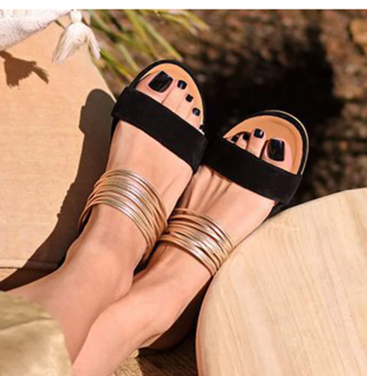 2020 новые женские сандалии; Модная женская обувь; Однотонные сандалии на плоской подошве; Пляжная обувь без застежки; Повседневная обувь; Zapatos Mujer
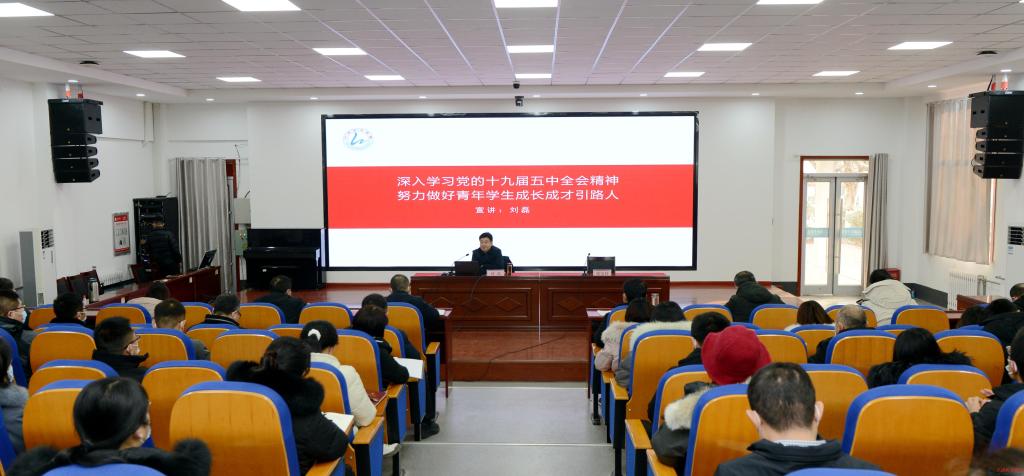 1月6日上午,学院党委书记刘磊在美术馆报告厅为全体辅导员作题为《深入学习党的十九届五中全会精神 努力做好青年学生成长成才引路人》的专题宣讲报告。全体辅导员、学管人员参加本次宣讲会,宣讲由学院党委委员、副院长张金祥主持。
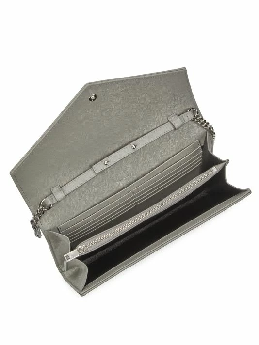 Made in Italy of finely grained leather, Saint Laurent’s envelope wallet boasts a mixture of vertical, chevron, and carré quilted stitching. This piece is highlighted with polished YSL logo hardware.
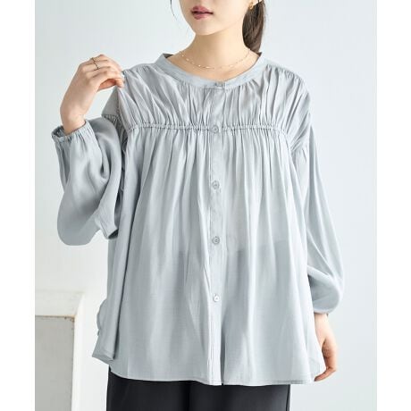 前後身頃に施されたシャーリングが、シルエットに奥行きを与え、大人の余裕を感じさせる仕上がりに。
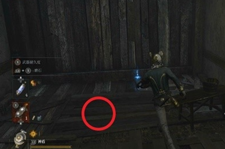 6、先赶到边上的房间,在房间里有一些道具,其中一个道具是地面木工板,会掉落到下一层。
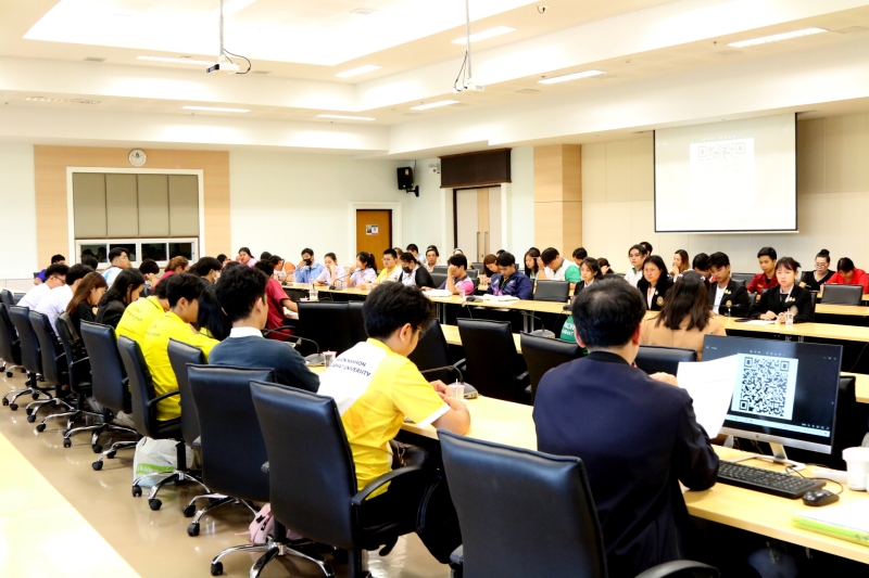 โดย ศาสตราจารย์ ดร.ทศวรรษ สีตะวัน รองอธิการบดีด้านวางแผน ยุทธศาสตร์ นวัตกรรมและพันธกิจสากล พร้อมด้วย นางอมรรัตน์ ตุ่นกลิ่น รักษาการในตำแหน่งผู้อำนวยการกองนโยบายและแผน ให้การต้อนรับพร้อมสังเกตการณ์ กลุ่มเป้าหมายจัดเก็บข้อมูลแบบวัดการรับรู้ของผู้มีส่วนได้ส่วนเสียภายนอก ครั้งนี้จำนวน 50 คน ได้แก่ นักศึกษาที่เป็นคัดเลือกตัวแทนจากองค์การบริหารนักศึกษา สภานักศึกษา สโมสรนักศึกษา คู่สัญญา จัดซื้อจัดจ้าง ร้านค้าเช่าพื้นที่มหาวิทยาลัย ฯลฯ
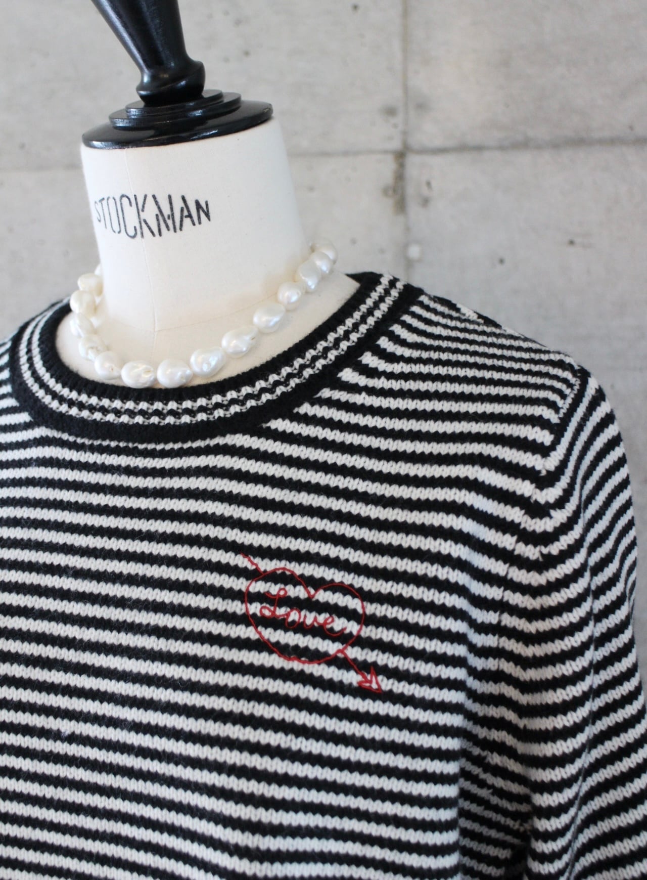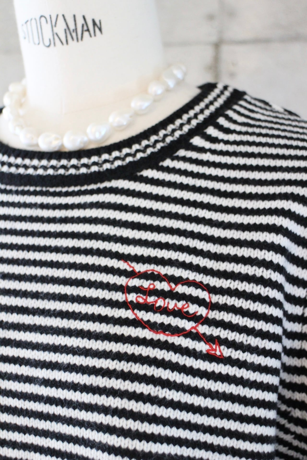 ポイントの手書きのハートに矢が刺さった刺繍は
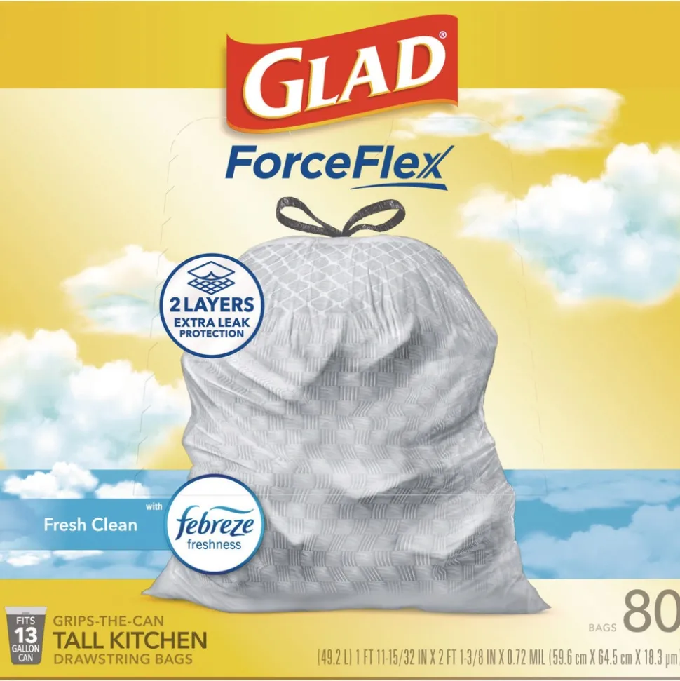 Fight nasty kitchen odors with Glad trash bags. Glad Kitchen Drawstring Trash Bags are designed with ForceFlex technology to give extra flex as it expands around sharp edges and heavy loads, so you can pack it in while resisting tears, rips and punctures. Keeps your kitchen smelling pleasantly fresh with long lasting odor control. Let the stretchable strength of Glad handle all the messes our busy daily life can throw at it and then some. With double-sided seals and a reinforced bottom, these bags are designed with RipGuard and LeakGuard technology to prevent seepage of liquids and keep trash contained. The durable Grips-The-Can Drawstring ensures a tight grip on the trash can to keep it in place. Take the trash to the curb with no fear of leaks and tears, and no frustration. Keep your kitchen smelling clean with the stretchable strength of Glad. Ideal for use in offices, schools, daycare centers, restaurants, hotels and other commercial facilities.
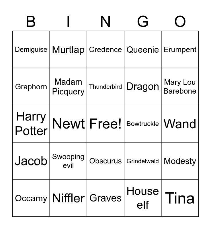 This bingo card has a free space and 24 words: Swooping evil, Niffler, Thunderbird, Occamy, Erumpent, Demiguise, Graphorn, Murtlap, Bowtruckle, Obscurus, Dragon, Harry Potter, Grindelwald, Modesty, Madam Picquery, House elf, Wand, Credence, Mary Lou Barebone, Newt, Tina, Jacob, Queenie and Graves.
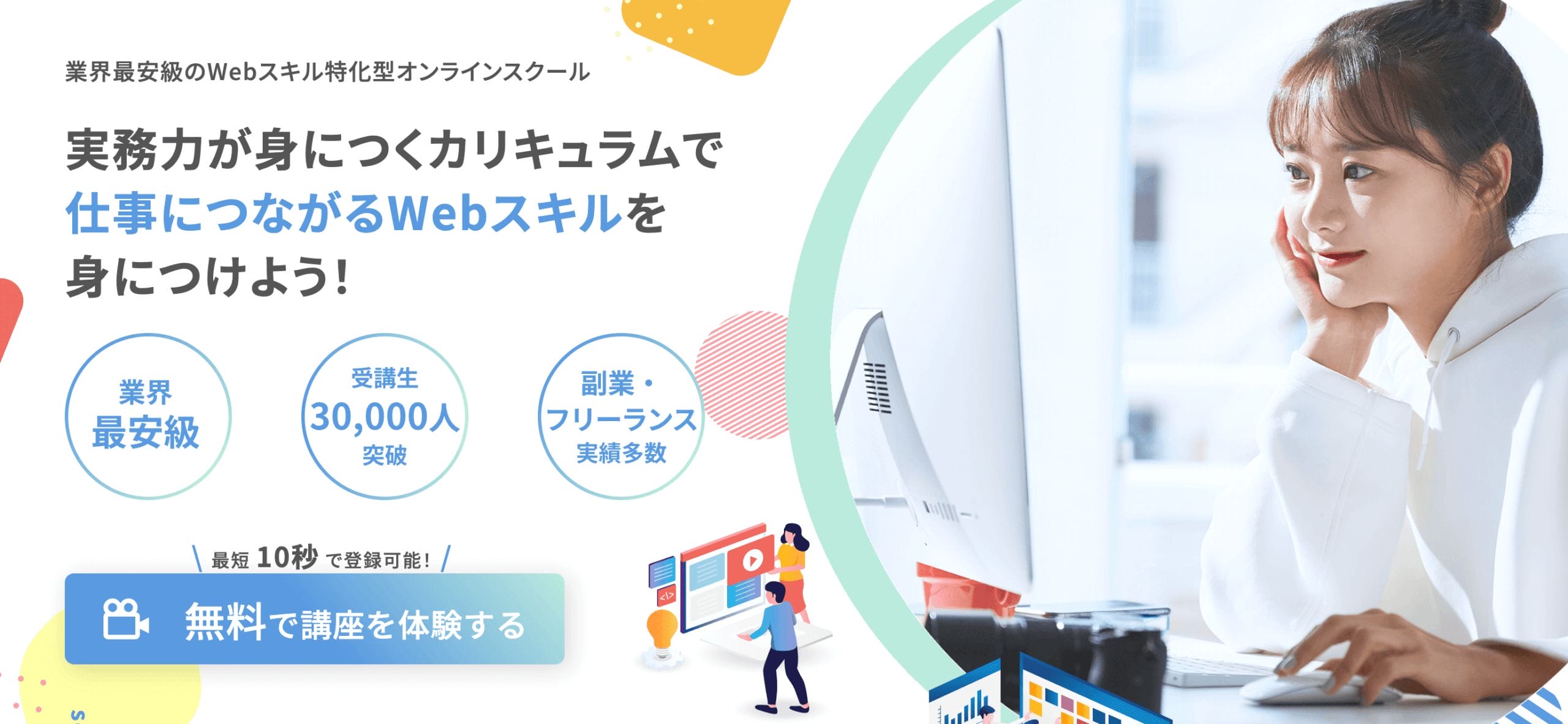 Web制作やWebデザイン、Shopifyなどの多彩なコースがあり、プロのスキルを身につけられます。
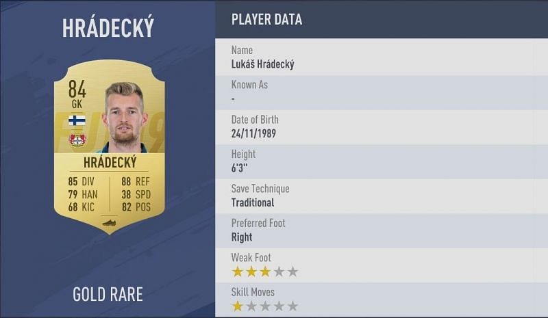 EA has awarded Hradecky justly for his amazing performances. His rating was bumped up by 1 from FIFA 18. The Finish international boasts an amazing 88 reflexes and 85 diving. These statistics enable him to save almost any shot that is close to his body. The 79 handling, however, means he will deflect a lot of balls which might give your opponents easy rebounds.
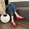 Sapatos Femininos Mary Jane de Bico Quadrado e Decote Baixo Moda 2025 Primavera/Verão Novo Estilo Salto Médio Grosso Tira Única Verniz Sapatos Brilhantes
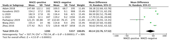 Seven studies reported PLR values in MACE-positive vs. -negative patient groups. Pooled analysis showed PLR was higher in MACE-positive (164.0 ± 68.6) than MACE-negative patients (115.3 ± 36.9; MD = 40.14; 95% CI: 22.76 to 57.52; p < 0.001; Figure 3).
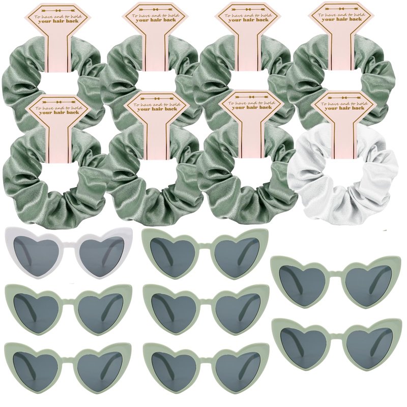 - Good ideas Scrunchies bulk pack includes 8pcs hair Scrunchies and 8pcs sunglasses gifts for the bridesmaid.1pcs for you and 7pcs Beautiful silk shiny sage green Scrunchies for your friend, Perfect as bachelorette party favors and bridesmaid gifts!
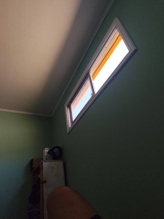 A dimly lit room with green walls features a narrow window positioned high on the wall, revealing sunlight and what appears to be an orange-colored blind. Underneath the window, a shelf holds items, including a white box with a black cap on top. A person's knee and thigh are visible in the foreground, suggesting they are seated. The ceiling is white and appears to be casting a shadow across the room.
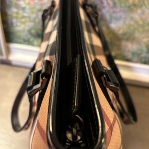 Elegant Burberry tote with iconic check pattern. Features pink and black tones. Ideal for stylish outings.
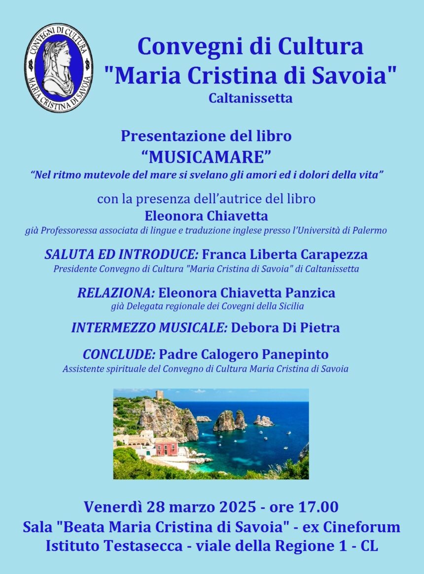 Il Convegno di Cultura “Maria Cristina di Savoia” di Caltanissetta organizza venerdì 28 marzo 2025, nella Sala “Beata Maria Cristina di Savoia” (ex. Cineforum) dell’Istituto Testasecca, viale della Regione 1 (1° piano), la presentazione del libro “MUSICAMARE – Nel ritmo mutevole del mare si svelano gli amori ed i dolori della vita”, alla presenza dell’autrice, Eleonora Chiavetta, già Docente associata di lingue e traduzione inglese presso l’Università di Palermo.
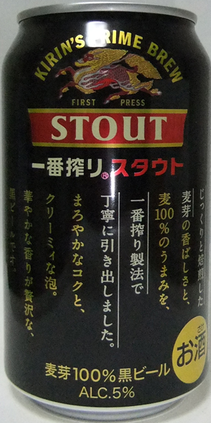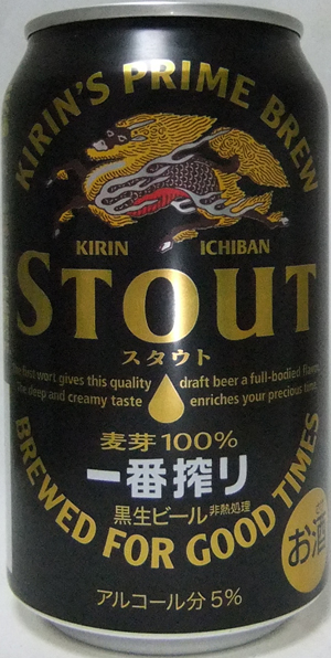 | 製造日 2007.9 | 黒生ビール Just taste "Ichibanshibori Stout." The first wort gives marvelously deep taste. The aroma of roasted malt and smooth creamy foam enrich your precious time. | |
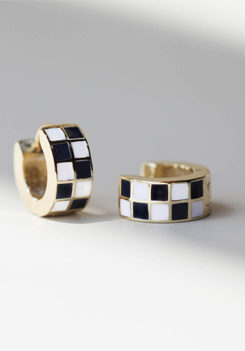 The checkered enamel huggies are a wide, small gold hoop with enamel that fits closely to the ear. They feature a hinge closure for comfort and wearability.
────────────────────
(Exercise instructions): Going from the line with "Elegant Burberry tote" to the last line of the listing, write out each line exactly and nothing else. Leave out all pictures.

(Expected output):
 Elegant Burberry tote with iconic check pattern. Features pink and black tones. Ideal for stylish outings.
 Il Convegno di Cultura “Maria Cristina di Savoia” di Caltanissetta organizza venerdì 28 marzo 2025, nella Sala “Beata Maria Cristina di Savoia” (ex. Cineforum) dell’Istituto Testasecca, viale della Regione 1 (1° piano), la presentazione del libro “MUSICAMARE – Nel ritmo mutevole del mare si svelano gli amori ed i dolori della vita”, alla presenza dell’autrice, Eleonora Chiavetta, già Docente associata di lingue e traduzione inglese presso l’Università di Palermo.
 | 製造日 2007.9 | 黒生ビール Just taste "Ichibanshibori Stout." The first wort gives marvelously deep taste. The aroma of roasted malt and smooth creamy foam enrich your precious time. | |
 The checkered enamel huggies are a wide, small gold hoop with enamel that fits closely to the ear. They feature a hinge closure for comfort and wearability.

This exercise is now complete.